Why Minor Irritations Are Worth Addressing
That thing you have been ignoring for three months will not resolve itself. It is waiting.
The mole that has changed shape. The twinge in your knee that appears on stairs. The tooth that is sensitive to cold. The headache that arrives every Tuesday afternoon. You have noticed all of these, and you have dismissed all of these, constructing a narrative in which they are minor, temporary, and not worth the inconvenience of addressing.
They are worth the inconvenience.
Men, as a category, are extraordinarily gifted at ignoring physical discomfort. This is sometimes admirable, for resilience is a quality, but more often it is simply foolish, a stubbornness misidentified as strength. The body does not send signals for entertainment. A pain that persists is information; a change that progresses is a message, and the message is: pay attention.
The cost of addressing a minor issue early is almost always less, in time, in money, and in suffering, than the cost of addressing a major issue late. The sensitive tooth becomes a root canal. The knee twinge becomes a chronic condition. The mole becomes something that requires a different kind of conversation entirely. You know this. You know this, and you still wait.
The excuses are remarkably consistent. “It is probably nothing.” Perhaps, but you are not qualified to determine that, which is why qualified people exist. “I do not have time.” You have time to be ill? Because that is the alternative, and it takes considerably longer. “It does not hurt that much.” This is not a pain threshold competition; the fact that you can tolerate something does not mean you should, and the two propositions are far less related than you have convinced yourself they are.

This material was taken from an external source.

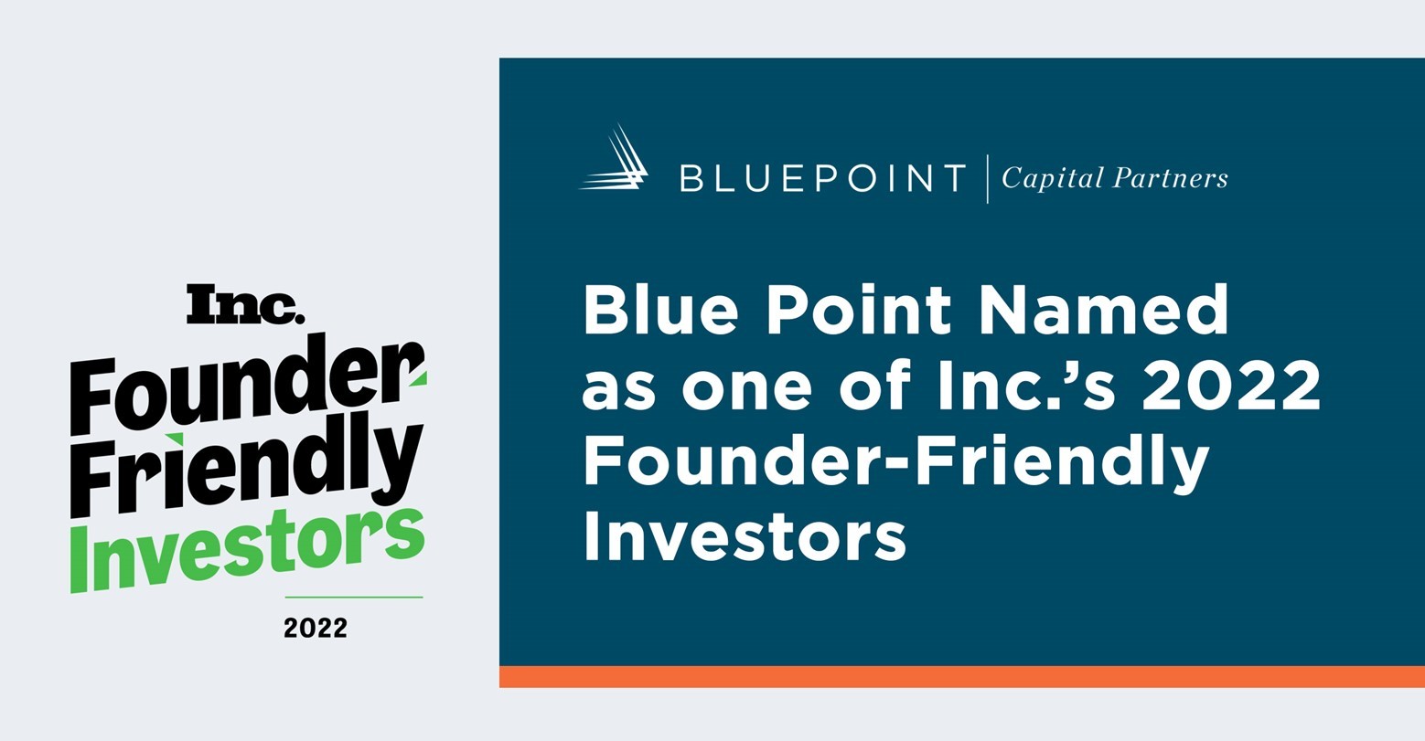 Blue Point Capital Partners is honored to have been named on Inc.’s List of Founder-Friendly Investors for the third time. According to Inc. Magazine, the award is given to firms recognized as “an investment partner that entrepreneurs can trust and collaborate with while receiving the financial support they need to help accelerate growth.”

Make a list, right now if you can: every minor physical complaint you have been carrying, the ache, the rash, the thing that clicks, the thing that does not feel quite right. Write them down. The act of listing them will make their accumulation visible in a way that your habitual dismissal has not.
Then deal with them, one by one, starting with the one that has been there the longest, because it has been patient enough.
Attend to the small things before they become the large things. This is not anxiety. It is maintenance.